• BRIEF: Please set down each of the lines below once more, exactly, omitting all pictures.

• RECORDED DATA:
┌──

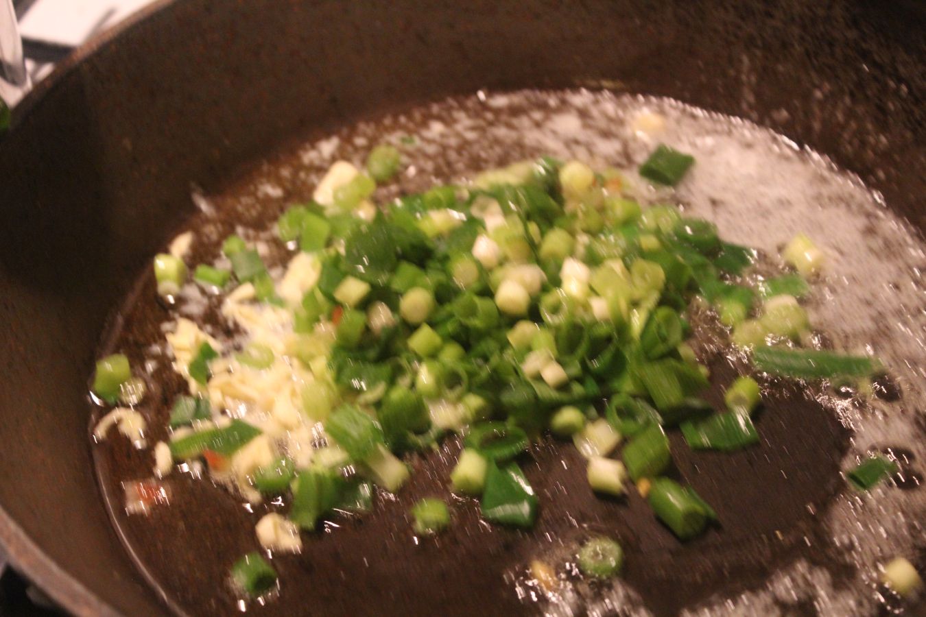 Die Lauchzwiebel ebenfalls für eine Minute in die Pfanne geben
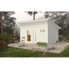 Njuta 20 -1 levereras som byggsats med färdiga väggsektioner och gavelspetsar. Råspont och underlagspapp till tak samt golvspånskivor till golv ingår. En traditionell modell på 20 kvm med sadeltak som passar in i de flesta miljöer. Attefallshuset är en utmärkt komplementbostad eller gäststuga för dig som behöver mer utrymme för gäster, när familjen växer eller för din fritidssyssla.
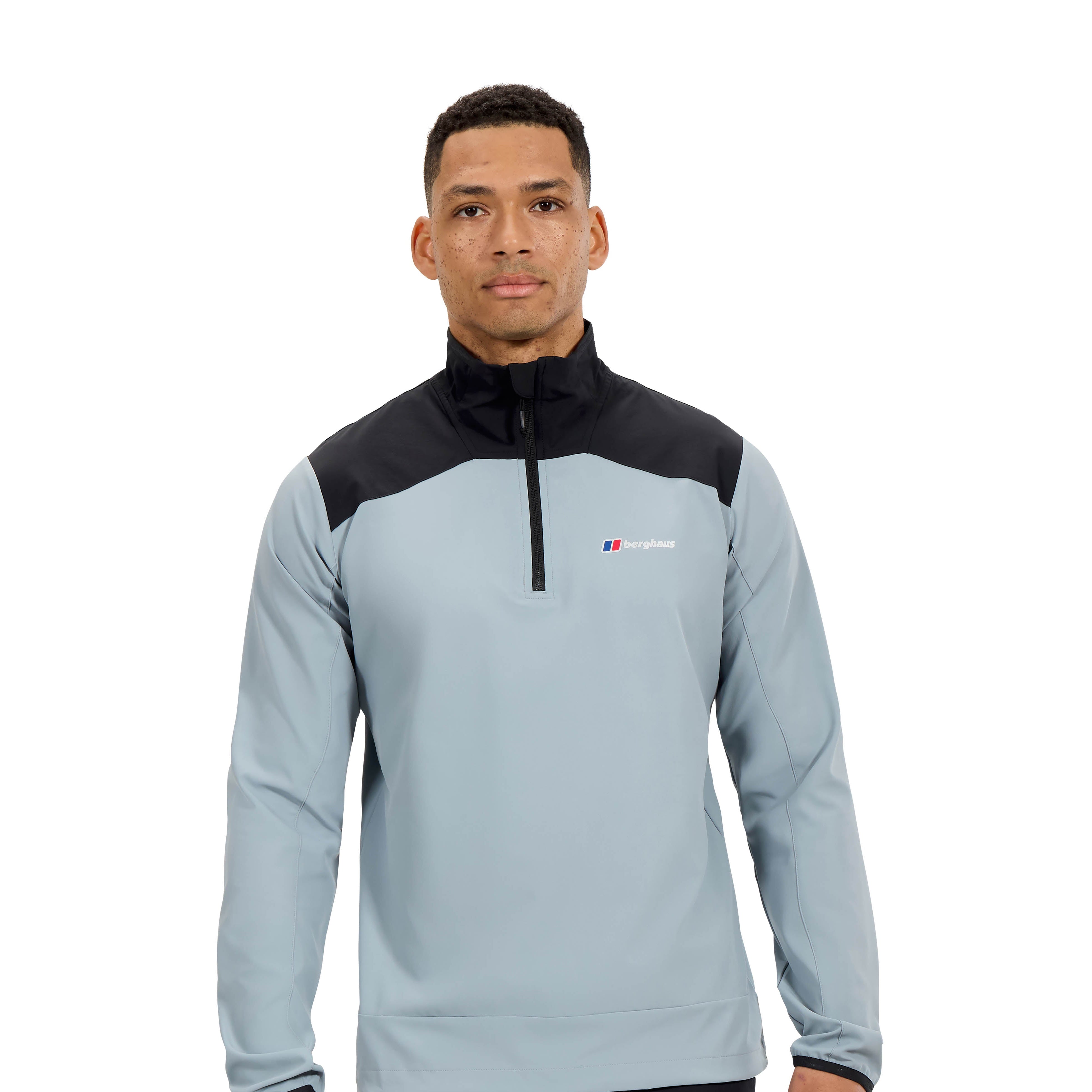 Berghaus Terrain Trek Half Zip Jacket In Grey is a lightweight pullover jacket in a colour block design. A half zip fastening at the neck with a stand up collar which features a branded trim and the signature Berghaus logo printed on the reverse. An additional logo is printed on the left of the chest. Elasticated trim on the long sleeves with an adjustable toggle hemline.
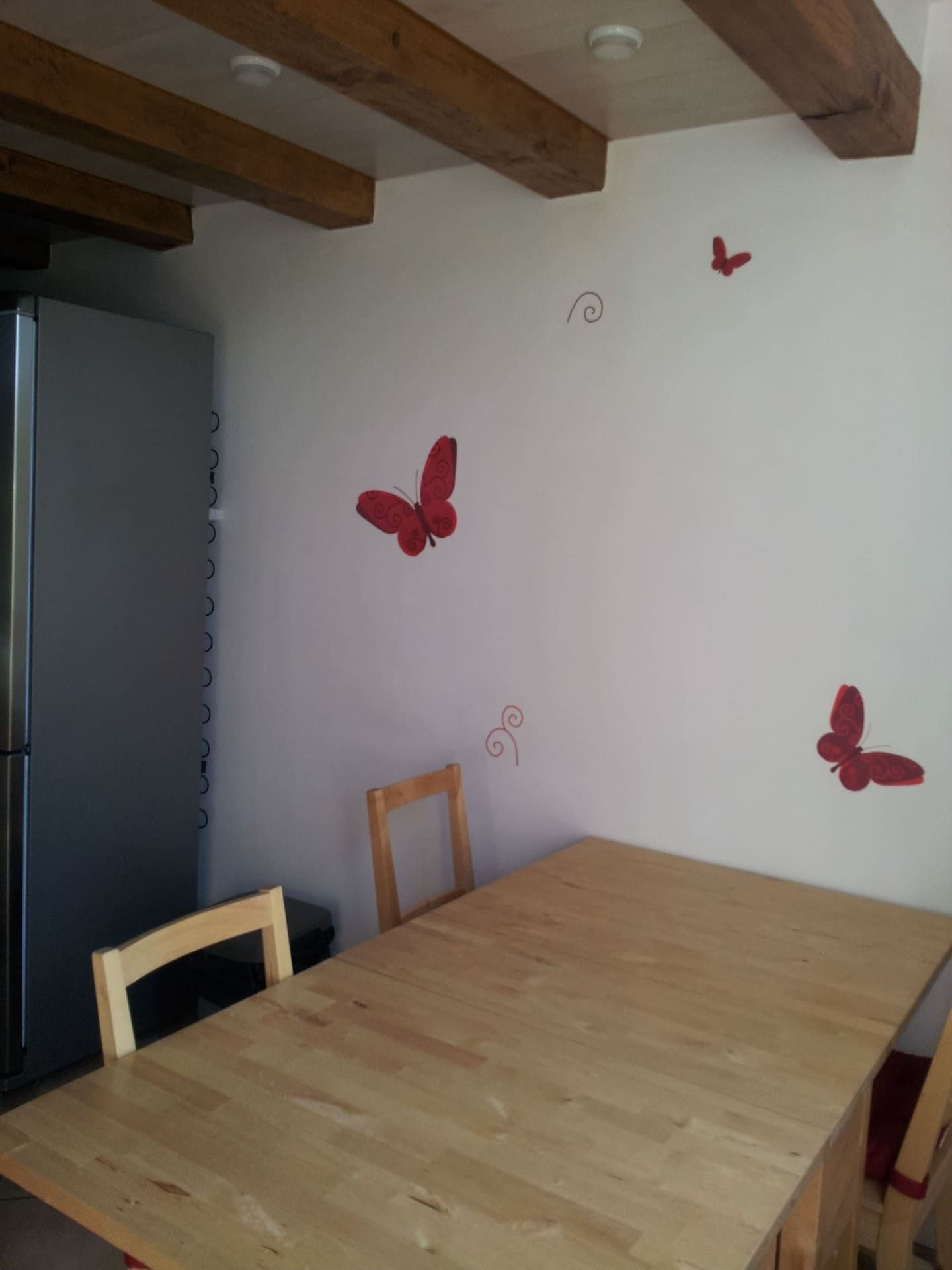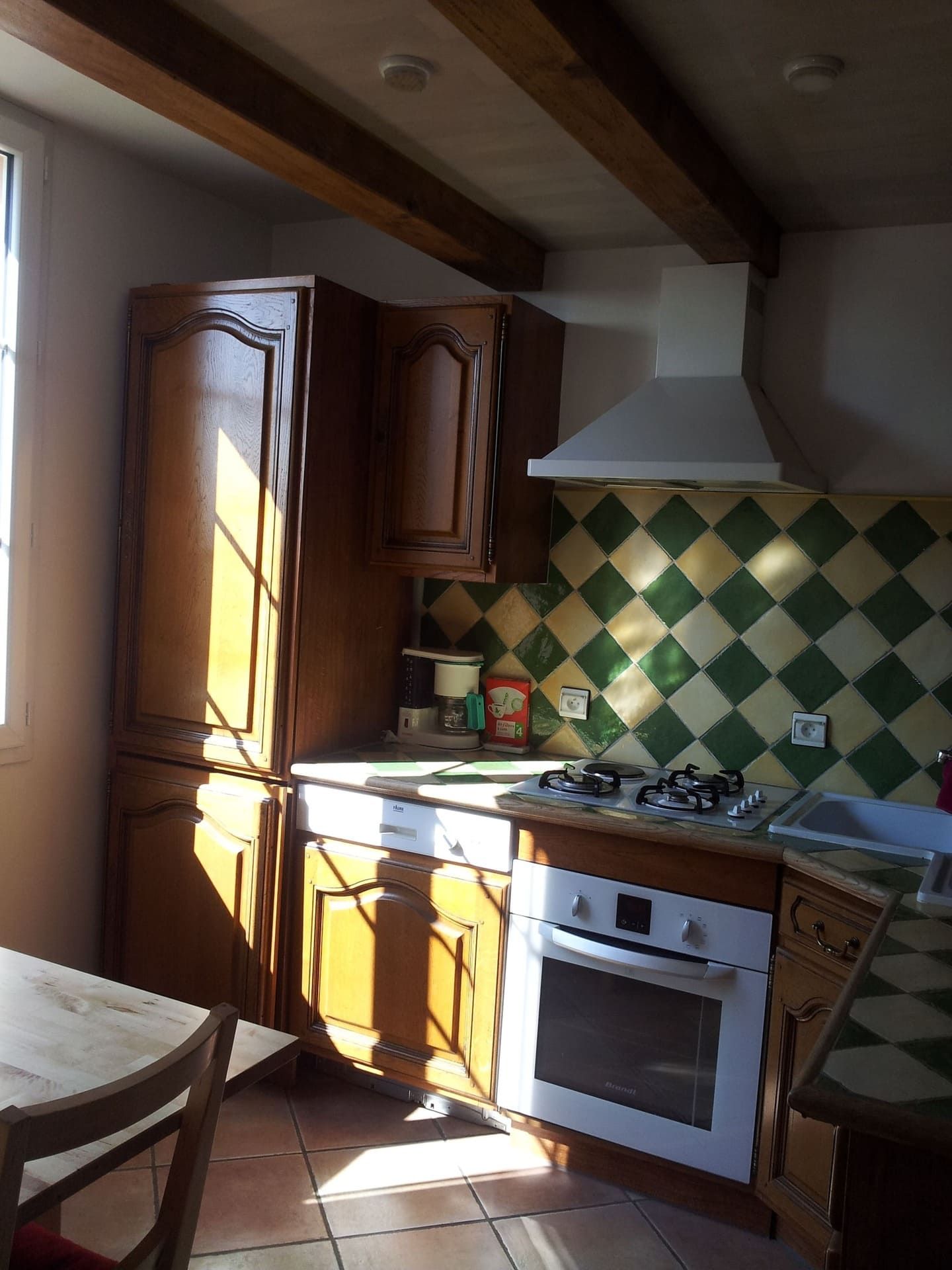 - Au 1 er étage, il y a une cuisine équipée : d'un lave-vaisselle, four à pyrolyse, micro-ondes , bouilloire électrique, cafetière électrique classique, plaque vitrocéramique, grand réfrigérateur-congélateur et dans le prolongement de la cuisine se trouve le salon-séjour avec un canapé-lit (140/190) et un téléviseur écran plat et connexion internet en wifi.

└──

• SOLUTION TO THE PROBLEM:
 Die Lauchzwiebel ebenfalls für eine Minute in die Pfanne geben
 Njuta 20 -1 levereras som byggsats med färdiga väggsektioner och gavelspetsar. Råspont och underlagspapp till tak samt golvspånskivor till golv ingår. En traditionell modell på 20 kvm med sadeltak som passar in i de flesta miljöer. Attefallshuset är en utmärkt komplementbostad eller gäststuga för dig som behöver mer utrymme för gäster, när familjen växer eller för din fritidssyssla.
 Berghaus Terrain Trek Half Zip Jacket In Grey is a lightweight pullover jacket in a colour block design. A half zip fastening at the neck with a stand up collar which features a branded trim and the signature Berghaus logo printed on the reverse. An additional logo is printed on the left of the chest. Elasticated trim on the long sleeves with an adjustable toggle hemline.
 - Au 1 er étage, il y a une cuisine équipée : d'un lave-vaisselle, four à pyrolyse, micro-ondes , bouilloire électrique, cafetière électrique classique, plaque vitrocéramique, grand réfrigérateur-congélateur et dans le prolongement de la cuisine se trouve le salon-séjour avec un canapé-lit (140/190) et un téléviseur écran plat et connexion internet en wifi.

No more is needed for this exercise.